With the Éluards, Ernst moved to Paris, where he was present at the beginnings of the Surrealist movement pioneered by André Breton. The three lovers moved to the Parisian suburb of Eaubonne, occupying a home that Ernst would decorate with fantastical murals; when published, they influenced the early Surrealist works of René Magritte. Ernst’s insatiable appetite for innovation led him to become one of the most prominent of the Surrealists, developing techniques that allowed him to tap into his subconscious. Ernst developed frottage, rubbing a picture surface against another material, for instance wood, in order to achieve a pattern which he would then use as a springboard for his imagination. The resulting shapes would suggest the various forms, creatures and characters that emerged, including the presence of Loplop, the bird avatar that featured in a number of his pictures. Ernst also continued to use collage, publishing entire books using the technique, in which absurd new configurations of old line engravings were created, for instance La femme 100 têtes of 1929. Later, he would become the most important proponent of decalcomania, the technique developed by Oscar Domínguez of pressing ink or paint against a hard surface to create billowing, organic forms. These are exemplified to dramatic effect in Swampangel of 1940, now in the Beyeler Foundation, Riehen, and Europe after the Rain of 1940-42, from the Wadsworth Atheneum Museum of Art, Hartford, Connecticut.
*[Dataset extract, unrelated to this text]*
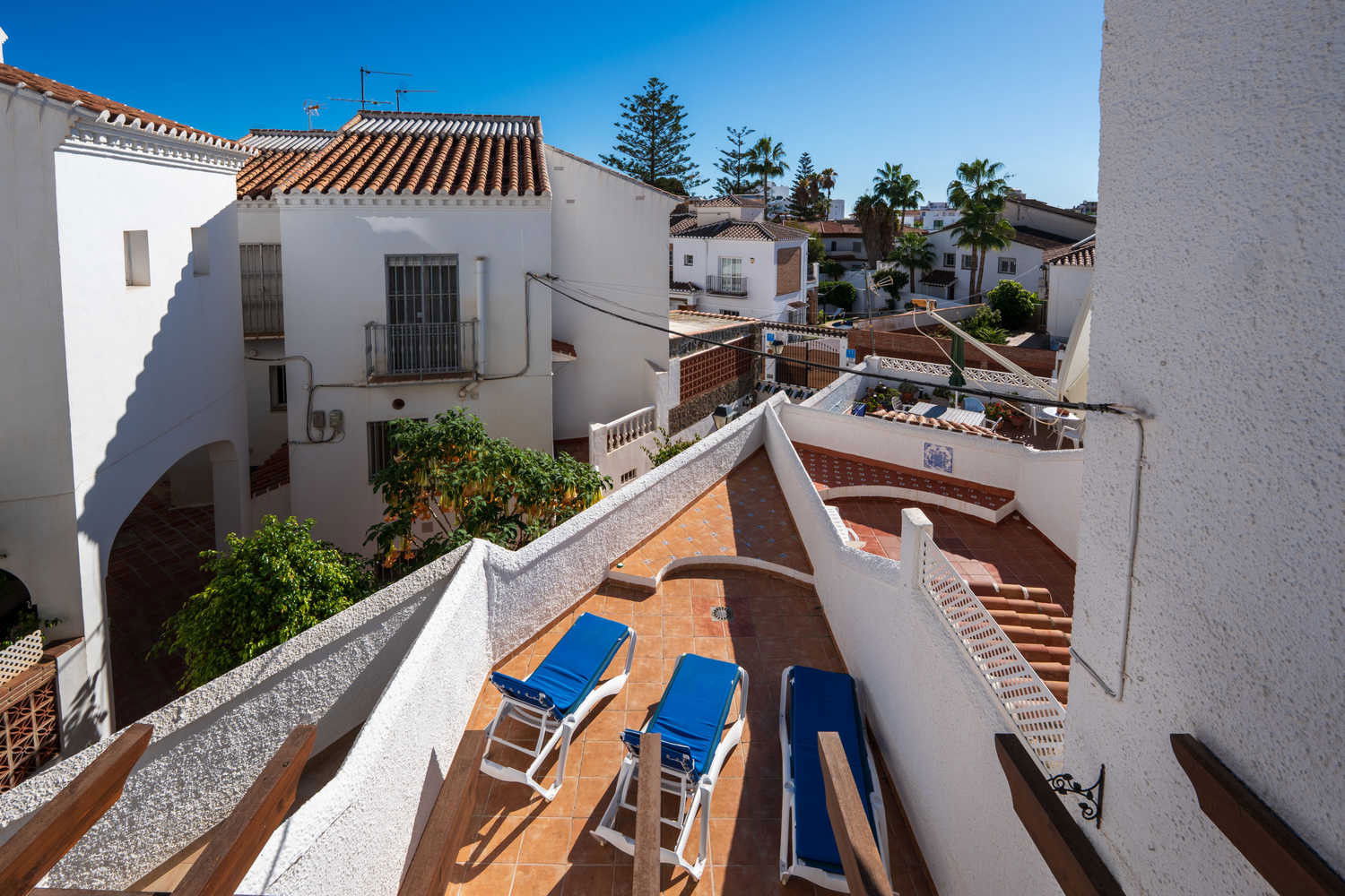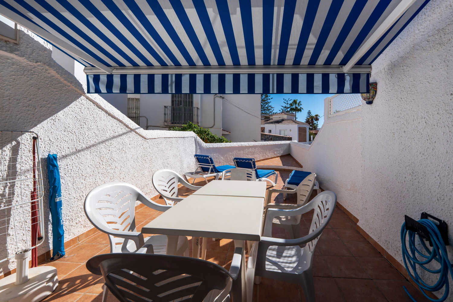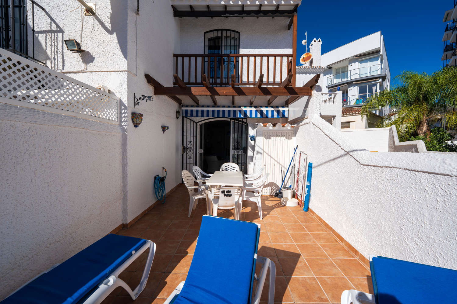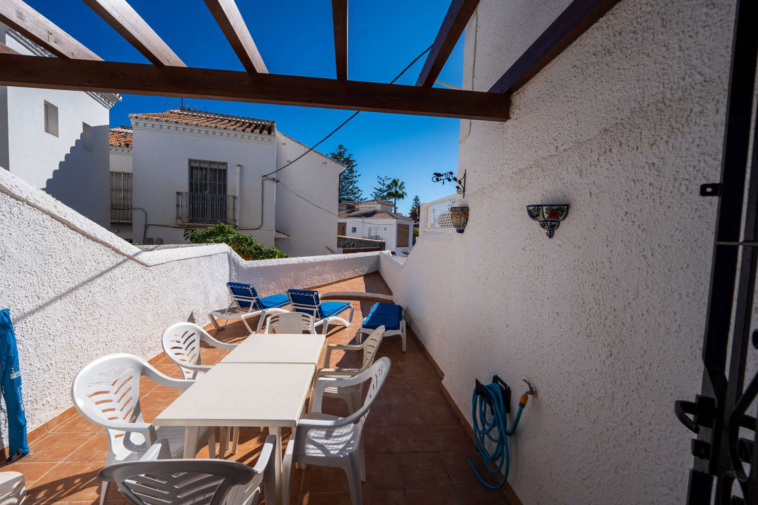 Semi-detached house in the Parador Nerja area with private terrace and swimming poolEnjoy the comfort of this house located in one of the most sought-after areas of Nerja. Upon entering, you will find a space designed for practical living: you can prepare breakfast in your fully equipped open-plan kitchen and step directly onto the terrace with sun loungers to enjoy the morning sun without leaving home. This semi-detached property combines the spaciousness of a family home with proximity to the town's key amenities, ideal for those seeking independence and sunshine in an established residential area. Functional layout on two levels for 4 peopleThe house has 80 m² optimised for relaxation. The 2 bedrooms with single beds are positioned to ensure privacy, supported by a full bathroom with bathtub and an additional toilet, which streamlines family logistics in the mornings. The kitchen has an oven, washing machine and dishwasher, allowing for long stays in complete comfort. The living room, equipped with Wi-Fi for teleworking and satellite TV, is a cool meeting place thanks to the air conditioning system. Private 15 m² terrace and access to communal swimming pool The private outdoor area is the distinguishing feature of Los Pinos 29. The terrace is large enough for al fresco dining or relaxing on the sun loungers. For swimming, the development offers a well-maintained communal swimming pool. It is important to note that the complex is divided into two areas, so to access the pool area you will need to cross the street, a journey of just a few seconds that guarantees acoustic separation between the swimming area and your accommodation. Why choose Los Pinos 29 for your holiday?✔ Strategic location: It is located just 600 metres from Burriana Beach, avoiding the steeper slopes of other areas.

Ernst married a Frenchwoman, Marie-Berthe Aurenche, and subsequently lived with the artist Leonora Carrington. He became a friend of a vast array of the most prominent artists of Surrealism, as well as other figures of the day. Many of these would be enduring friendships. Some were also vital to his survival. When the Second World War broke out, Ernst found himself in an impossible situation: his art was considered degenerate in his native Germany, and he was interned in France, originally as an enemy alien. After his release, France fell and Ernst found himself on the run—he was aided to reach the United States by a number of friends, family and supporters, including the socialite and art dealer Peggy Guggenheim, to whom he was briefly married.

Reaching New York, Ernst became a beacon for the avant garde: his anti-traditional techniques and focus on the importance of automatism chimed with the developments that were taking place there. The fact that his son, Jimmy, was already established with the artists known as the Irascibles added an additional channel of communication. Ernst met and married another artist, Dorothea Tanning, and the pair moved to Sedona, Arizona. While attracting attention to the arts and crafts of the local Hopi tribe, Ernst also continued to create works in a variety of media, not least sculpture. His home became a form of ever-shifting work of art. Similar transformations would take place in his subsequent houses in France as well.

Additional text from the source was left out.